Ещё труднее давалась Толстому последняя строфа, с которой он начал записи перевода. Шесть заключительных стихов рождались из такого материала:
[зач. Мать надп. Ты ж,] услышь последнее моленье:
[припис. Мать, вели зач. Прикажи] костёр воздвигнуть нам,
Свободи меня из [зач. завлеченья] заточенья,
[зач. Дай И новой дай любящимся сердцам надп. и зач. страдающим продолж. Нашим дай в огонь сойти сердцам]
[зач. Там мы В огне святом] Мы тогда [зач. вдв] вдвоём
[зач. Там Мы тогда вдвоём Мы огне святом подп. В поломе святом]
[зач. Мы рука с рукой]
К нашим [зач. старым надп. прежним] улетим богам.
[зач. Улетим к отверженным богам]
Чтоб костёр трещал Пусть костёр горит
Чтоб огонь пылал,
Чтоб огонь унёс к старым нас богам!
Там мы к нашим улетим богам67.
Так, вычёркивая, заменяя слово за словом, приписывая и надписывая иные, Толстой всё-таки не нашёл удовлетворявшего его завершения баллады и перечеркнул всё. Через некоторое время он снова взялся за эту финальную строфу, которая в своём окончательном виде должна была послужить тематическим апофеозом повествования и стилевым ориентиром поэтической речи.
Ты ж услышь последнее моленье,
Мать, вели костёр воздвигнуть нам,
Свободи меня из заточенья,
[зач. Нашим надп. В пепел] дай разрушиться телам.
[зач. Чтоб костёр трещал,]
Чтоб огонь пылал
[зач. И Чтоб унёс ко старым надп. и зач. прежним] нас богам Там [зач. Мы надп. в] огне святом,
Справа вдоль поля [зач. Так в огне святом]

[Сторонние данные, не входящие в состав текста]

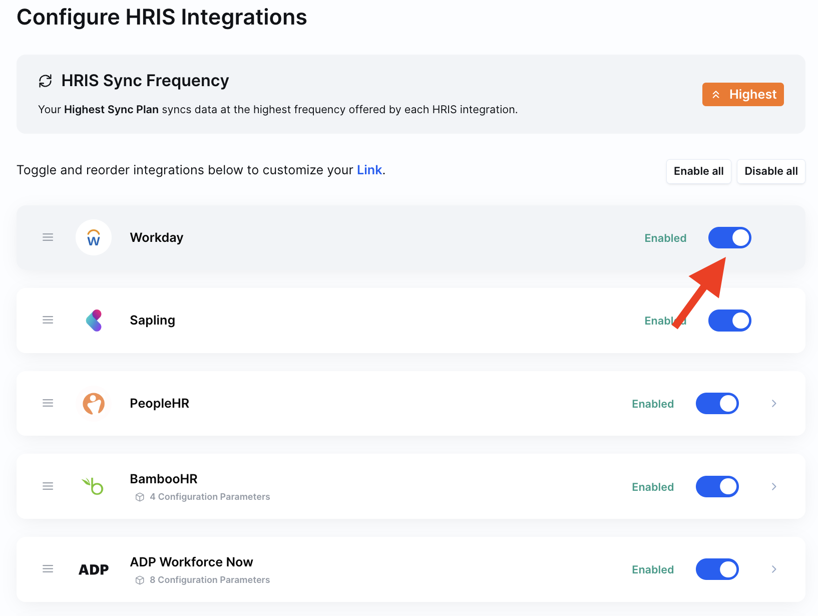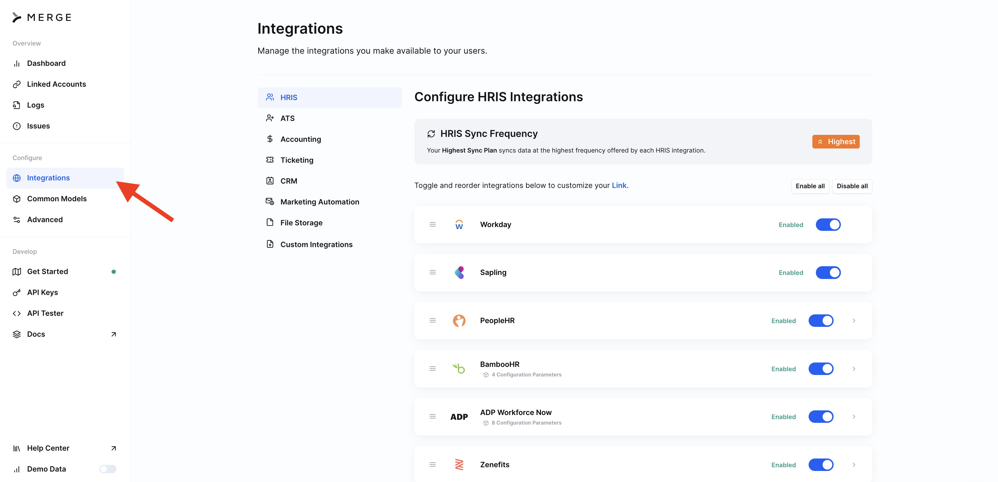 Note: If any your users have any active linked accounts with an integration, you won't be able to disable that integration.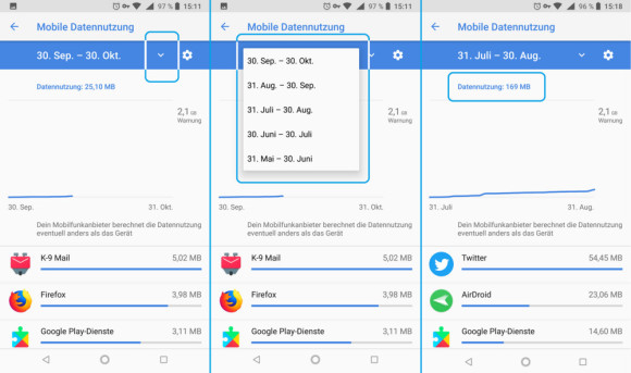 Es erscheint zunächst die Anzeige für den laufenden Monat. Es interessieren Sie aber vermutlich eher die letzten paar abgeschlossenen Monate. Tippen Sie das unscheinbare Ausklappmenü neben der Zeitraumangabe an. Hier finden Sie Einträge der letzten Monate. Tippen Sie einen Eintrag an, zeigt er Ihnen die in jenem Monat verbrauchte Datenmenge.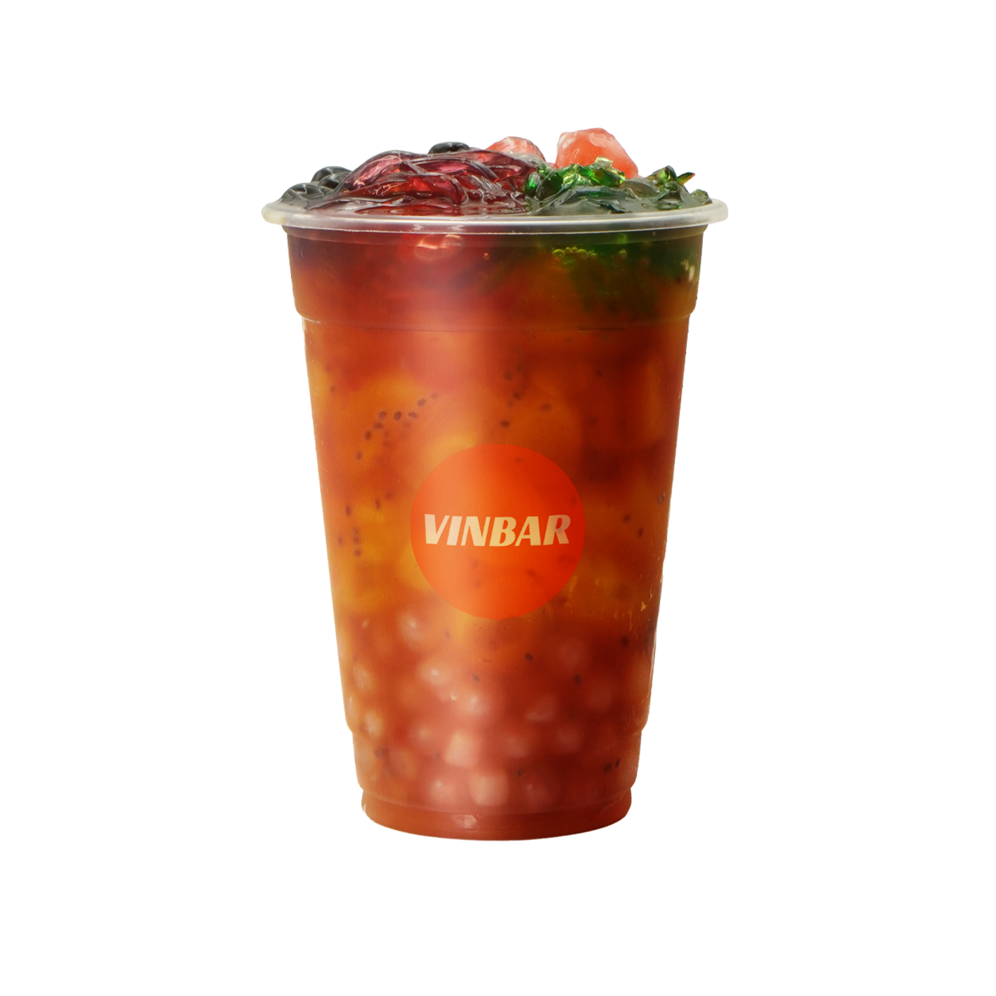 Bước 2: Cho đá đến vạch ly đầu tiên, thêm topping lên trên là hoàn thành.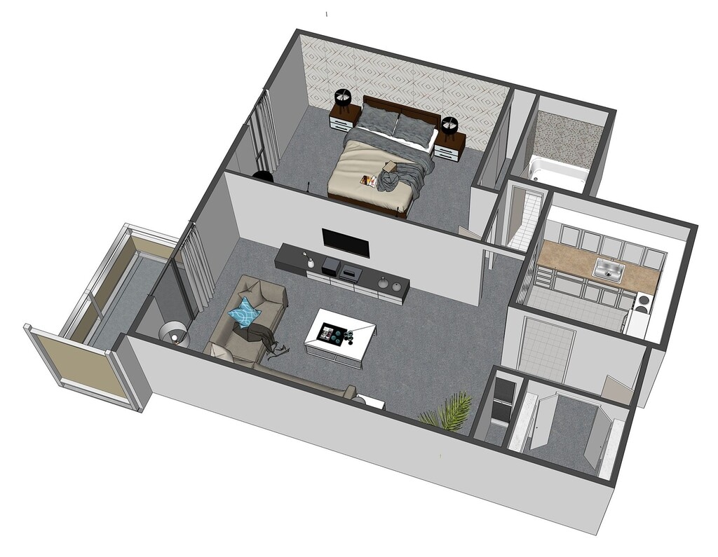 1 Dormitorio, 1 Baño, 788 pies²Disponible AhoraGalería del Modelo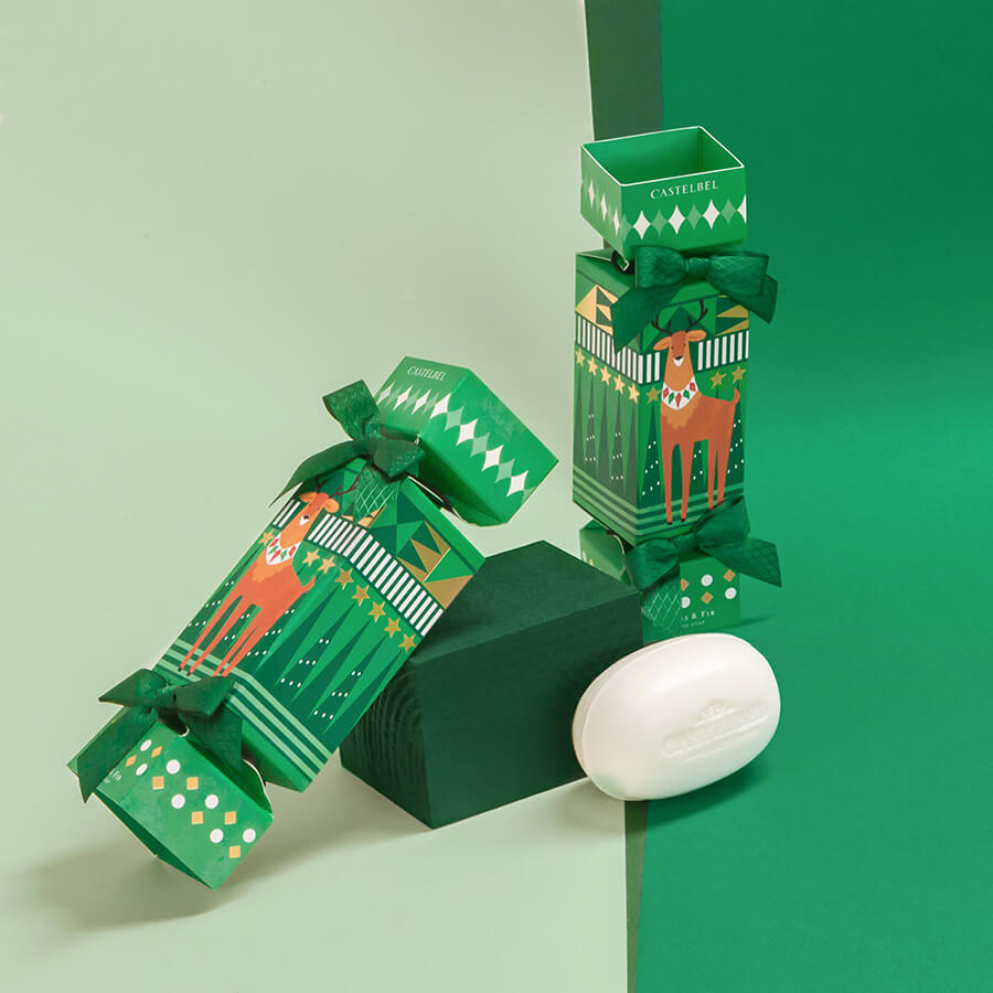 Mýdlo je zabaleno v papírové krabičce, která má vánoční potisk a připomíná bonbon. Neobsahuje parabeny, palmový tuk ani SLS.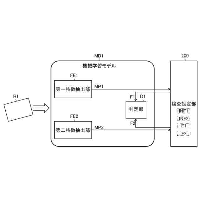 前記機械学習モデルは、入力された画像から特徴量を抽出する第一特徴抽出部及び第二特徴抽出部と、前記特徴量から前記検査結果を出力する判定部と、を含み、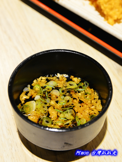 跟平常吃的天婦羅醬汁也不一樣,平常的會有加入蘿蔔泥,但這邊是用蔥花、炸麵衣、芥末加入醬油中調製,所以吃起來會有點芥末的辛香,很特別的一款沾醬,讓我還蠻愛的。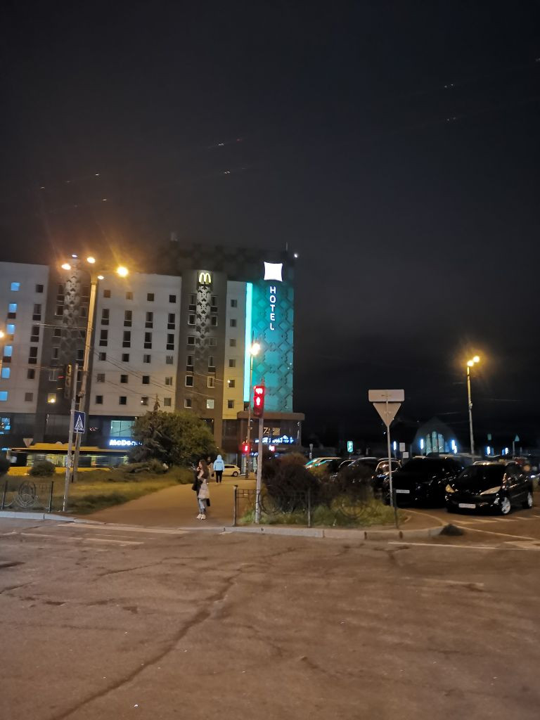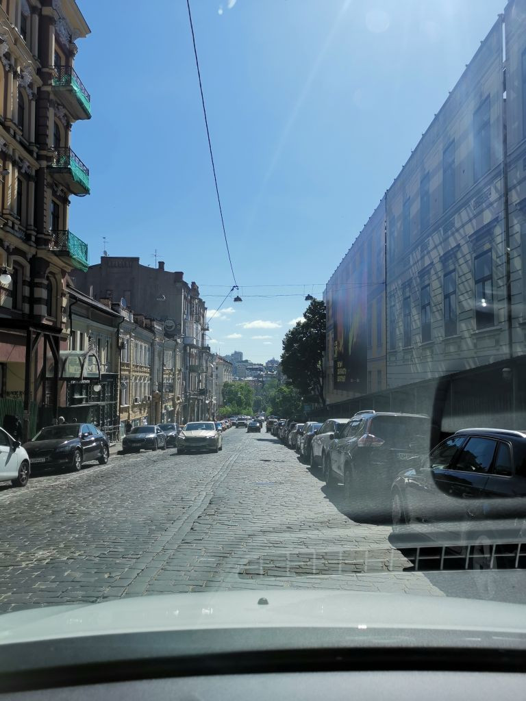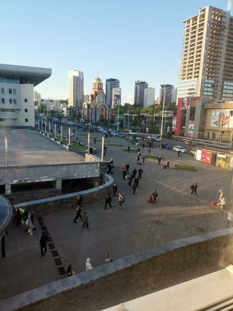 Ankunft in Kyjiy, Übernachtung in einem Hotel neben dem Bahnhof, teilweise in der Tiefgarage als Luftschutzbunker wegen Luftalarm.

[зач. Сквозь] Там в дыму [зач. святом надп. густом]
Сквозь огонь и гром
Улетим ко старым мы богам
Мы сквозь [зач. Там где] треск и гром
К нашим древним [?год?гис. прежним] улетим богам
Улетим к старинным мы богам68.
И только в сентябре 1867 г. в Веймаре сложился окончательный вариант:
Мать, услышь последнее моленье,
Прикажи костёр воздвигнуть нам,
Свободи меня из заточенья,
Мир в огне дай любящим сердцам!
Так из дыма тьмы
В пламе, в искрах мы
К нашим древним полетим богам! »
У Тургенева перевод (как, впрочем, и ряд других вещей Толстого) вызвал неблагожелательный отклик, распространённый им не только на произведение, но и на творческую личность автора. В письме к Я. П. Полонскому от 31 марта 1868 г. он писал: «Какой он поэт! Что он сделал из бедной „Коринфской невесты“ Гёте!»69. Отрицательно оценил перевод В. П. Буренин, всегда питавший литературную и личную неприязнь к «графу-поэту»70. Пора непредвзятых суждений наступила гораздо позже.
Первым одобрил «Коринфскую невесту» В. В. Розанов в статье «Тут есть некая тайна»71. Позже священник С. М. Соловьёв назвал произведение Гёте «гениальным стихотворением», которое «не менее гениально перевёл Алексей Толстой»72. К. И. Чуковский считал, что стихотворение принадлежит к «шедеврам перевода»73, и эта оценка до сих пор остаётся справедливой.
В творчестве Гейне Толстой, разумеется, нашёл созвучные его настроениям лирические мотивы и близкий ему иронический взгляд на вещи. Его откликом стали переводы нескольких стихотворений немецкого поэта74.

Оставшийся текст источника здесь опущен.